During Mr. Thompson’s tenure at Orbital Sciences Corporation (Orbital), he served as Chief Technical Officer from 1991 to 1993; Executive Vice President and General Manager, Launch Systems Group, from 1993 to 1999; and as President and Chief Operating Officer from 1999 to April 2011. He then served as Senior Advisor beginning in May 2011 until his retirement in 2013. In his positions with Orbital, Mr. Thompson directed engineering and manufacturing activities leading to over 350 successful satellite, rocket and related space missions. In 2012, Orbital established the J. R. Thompson Leadership Award to recognize the company’s outstanding leaders.

Mr. Thompson was the recipient of many prestigious space industry awards, which include: International Academy of Astronautics Award to Space Shuttle Team Engineers & Managers; 1991 Holley Medalist, The American Society of Mechanical Engineers; John F. Kennedy Astronautics Award, American Astronautical Society; NASA’s Distinguished Service Medals; Presidential Rank of Distinguished Service; Dr. Wernher Von Braun Award for Excellence in Space Program Management, AIAA; Goddard Memorial Trophy awarded to Space Shuttle Return-to-Flight Team, National Space Club; Holger N. Toftoy Award, AIAA; Charter Inductee, Alabama Engineering Hall of Fame; Distinguished Service Award, Huntsville, Alabama Chamber of Commerce; Honorary Ph.D., Doctorate of Science, University of Alabama/Huntsville; first Wernher Von Braun Memorial Trophy, National Space Club; Distinguished Public Service Medal for his role in 51-L; Presidential Rank of Meritorious Executive; and NASA’s Exceptional Service Medal for his role in Skylab.

J. R. Thompson was an internationally-recognized propulsion expert who possessed exceptional technical and team motivational skills.

He was a member of the First United Methodist Church, Huntsville, and the Huntsville Rotary Club. In his retirement, he enjoyed keeping abreast of all current events, reading, playing bridge, and spending time with his children, grandchildren, and great-grandchildren, as well as his many friends and NASA peers.
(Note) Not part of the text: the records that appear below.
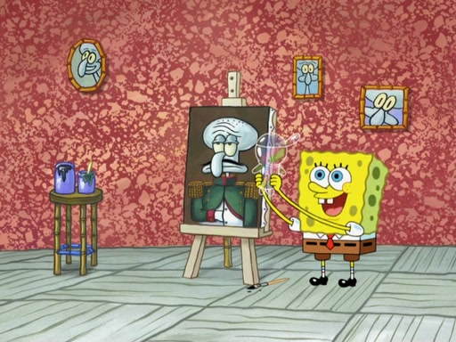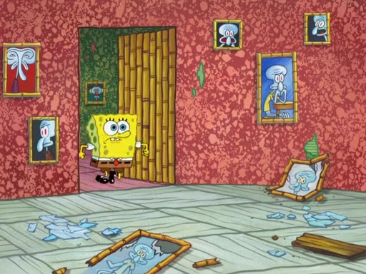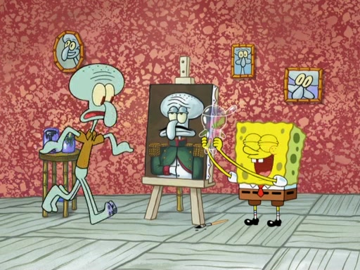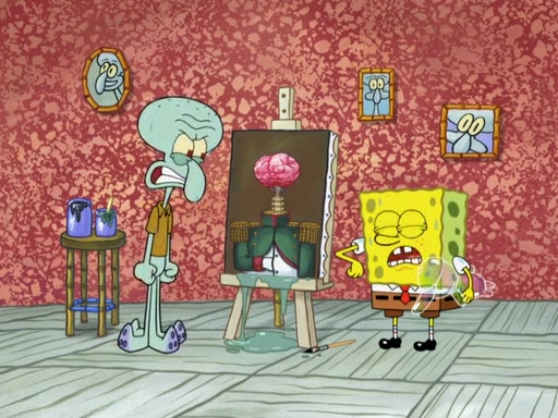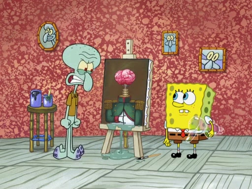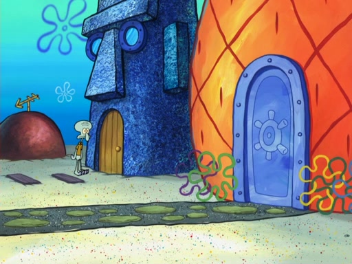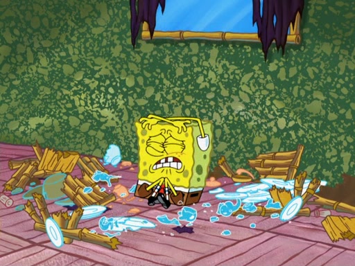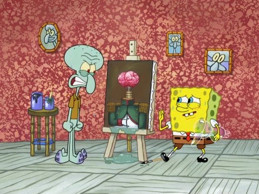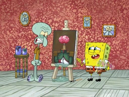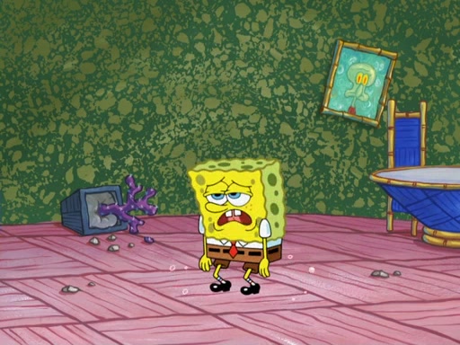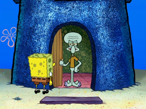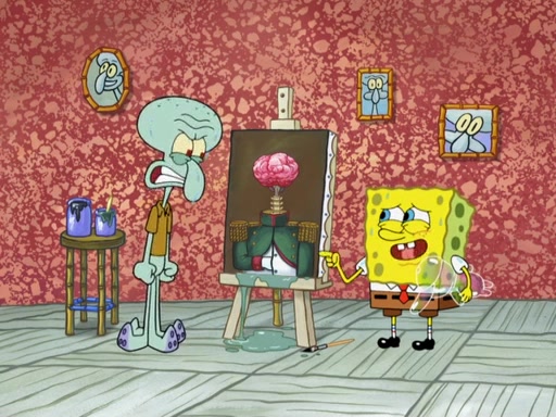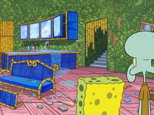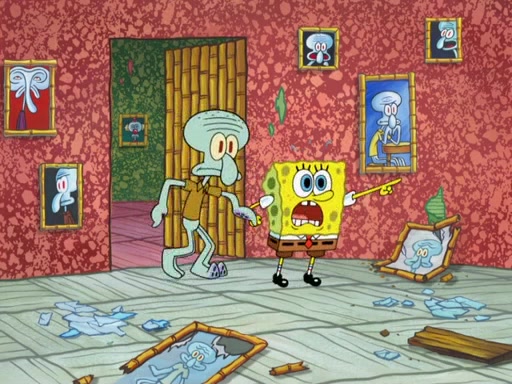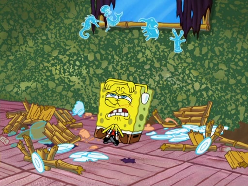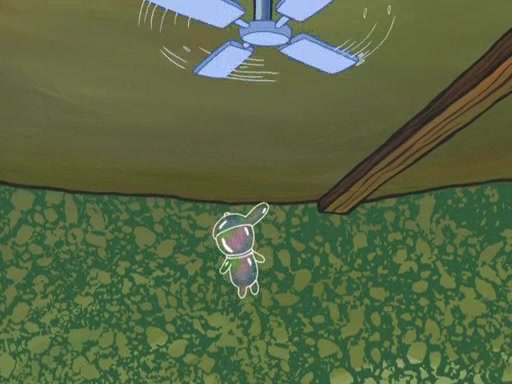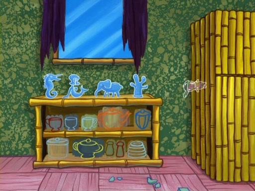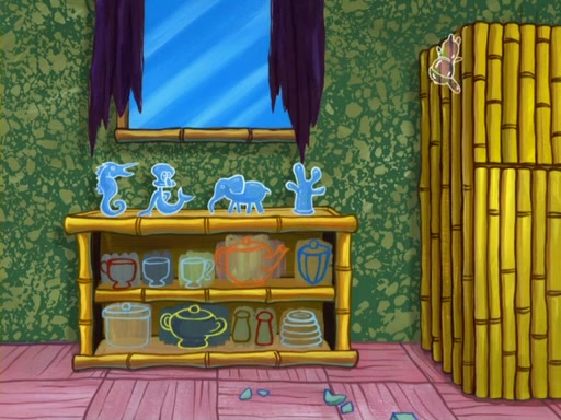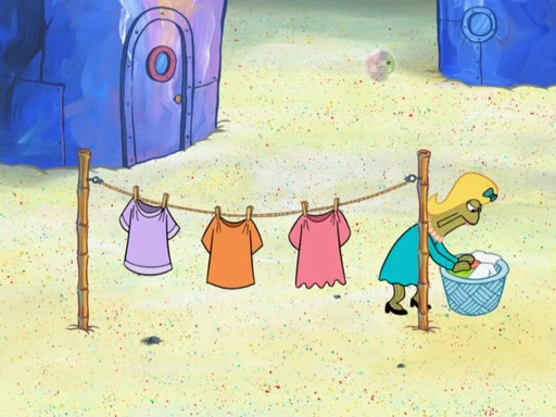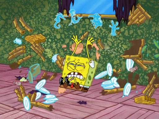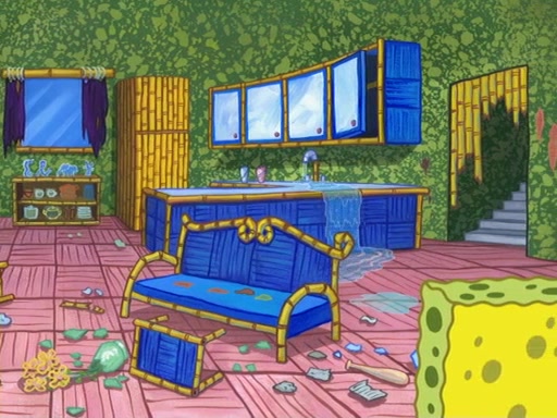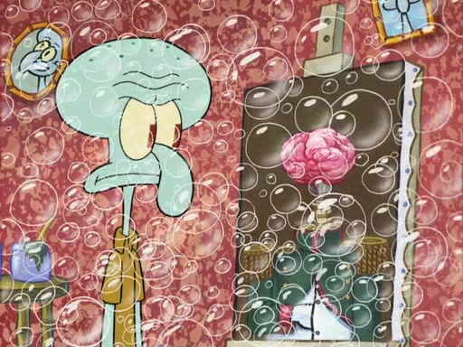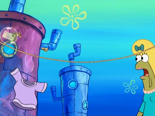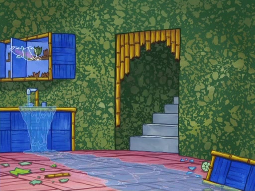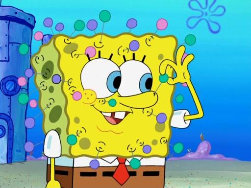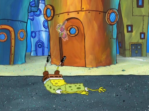 He went into the pin factory, the scissor works, and he went into the pitchfork pantry. Then, SpongeBob decided to go to the pillow foundry and he found out that was a dangerous place too. When they got home, he fed Shiny a hot dog. But then he popped, and SpongeBob had the bubble soap to repair him. Finally, when he blew another Shiny, he grew two heads. Then, Bubble Buddy came to his house to pick up Shiny. SpongeBob begins to apologize about Shiny, but Bubble Buddy says that it was okay, because sometimes, it had happened to Shiny. Then, he traps Shiny into a bottle of bubble soap. As they were leaving on a bubble plane, Shiny is normal again, blowing a raspberry out from the bottle and they went into the plane and flew away.
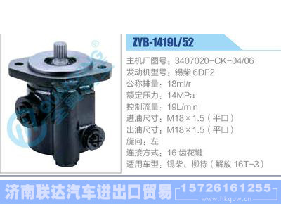 ZYB-1419L-52,3407020-CK-04-06,锡柴6DF2动力转向助力泵,叶片泵
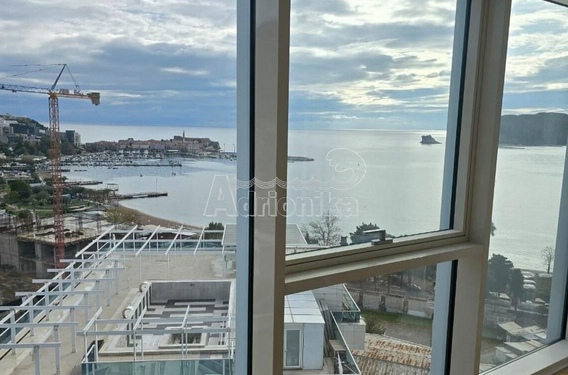 Эксклюзивная трехкомнатная квартира в здании "Tre Canne", Будва, представляет собой роскошную резиденцию на тринадцатом этаже.
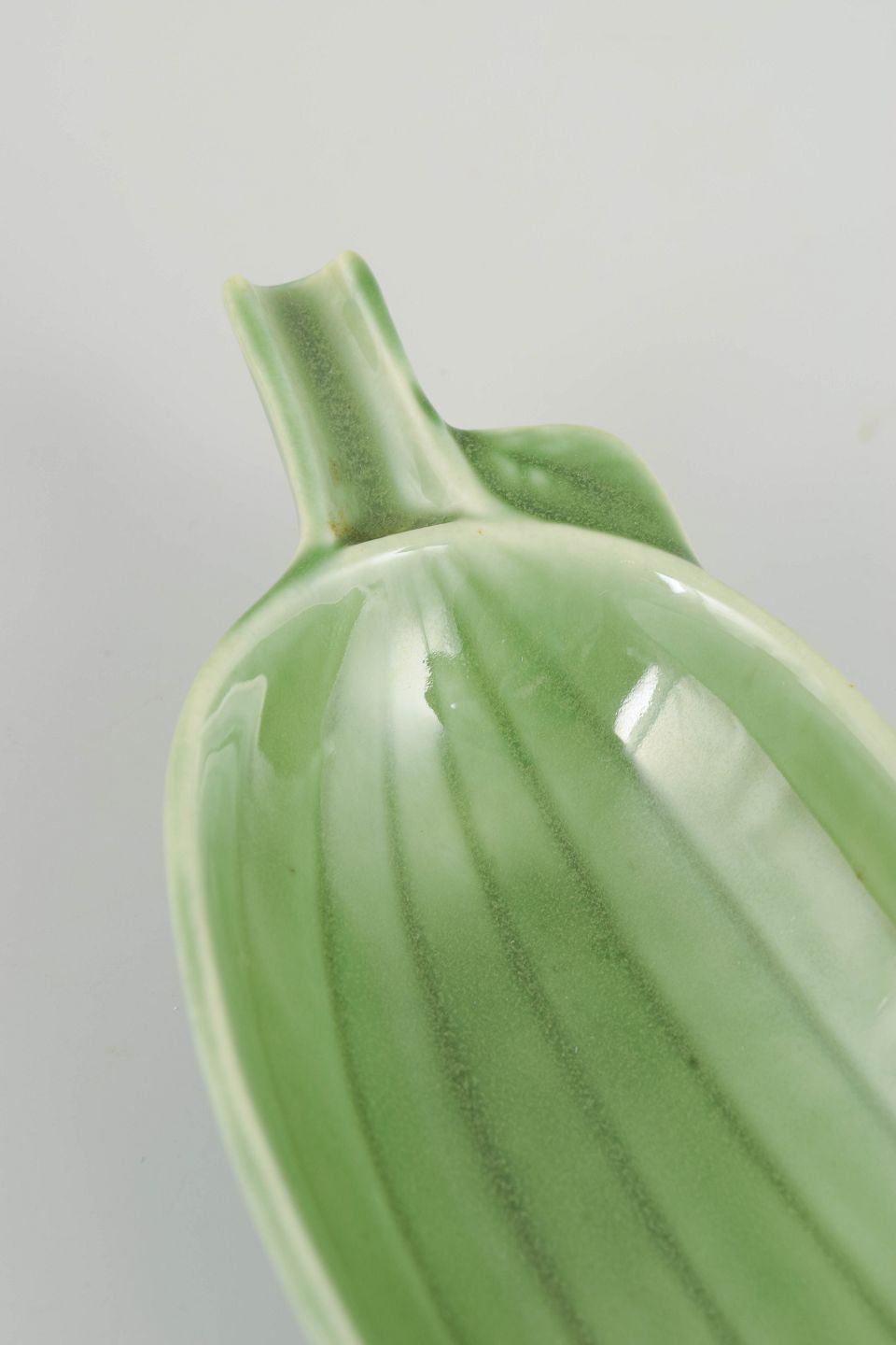 Elongated, naturalistically shaped faience dish modelled as a cucumber, with pronounced ribbing and a glossy green glaze in subtly varied tones. A distinctive and playful design from Stig Lindberg’s later production at Gustavsberg, produced in the 1970s. The model is known as “Cucumber”.
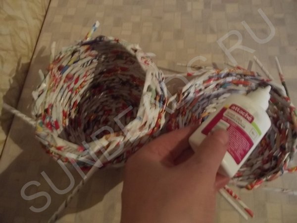 В заключение все стойки сплетаются друг с другом, обрабатываются клеем и через некоторое время, удаляются лишние кончики.

He was preceded in death by his brother, Bruce Thompson, MD, and his wife, Carol. Survivors include his wife, Sherry Gray Thompson; sons, James R. Thompson III (Margie) and Scott Thompson, Decatur; daughter, Paige Moore, Decatur; grandsons, James R. Thompson IV (Melanie) Huntsville, Samuel Thompson (Tara) Decatur, and Ashford Rowe, Atlanta, GA; granddaughters, Lou Ellen Schweers (Christian) and Susan Moore, Decatur, and Sara Douglas Thompson, Birmingham; great-grandchildren, J. Robert V and Madeline Thompson, Huntsville, and Foster and Jack Thompson, Decatur, and Olivia Schweers, Birmingham; stepsons, John McEwen (Tracie), David Gray, Huntsville, and Paul Gray (Grace) Franklin, TN; stepdaughter, Carla McEwen, Birmingham; step-granddaughters, Katherine McEwen, Huntsville, Aubrey Gray, Franklin, TN; step-grandson, Hunter McEwen, Huntsville; and brother, William Thompson (Martha), Atlanta, GA.

Visitation will be from 11 a.m. to 1 p.m. Monday, November 13 at First United Methodist Church. The funeral will follow at the church with the Rev. Coy Hallmark officiating.

In lieu of flowers, memorials may be made to First United Methodist Church or a favorite charity.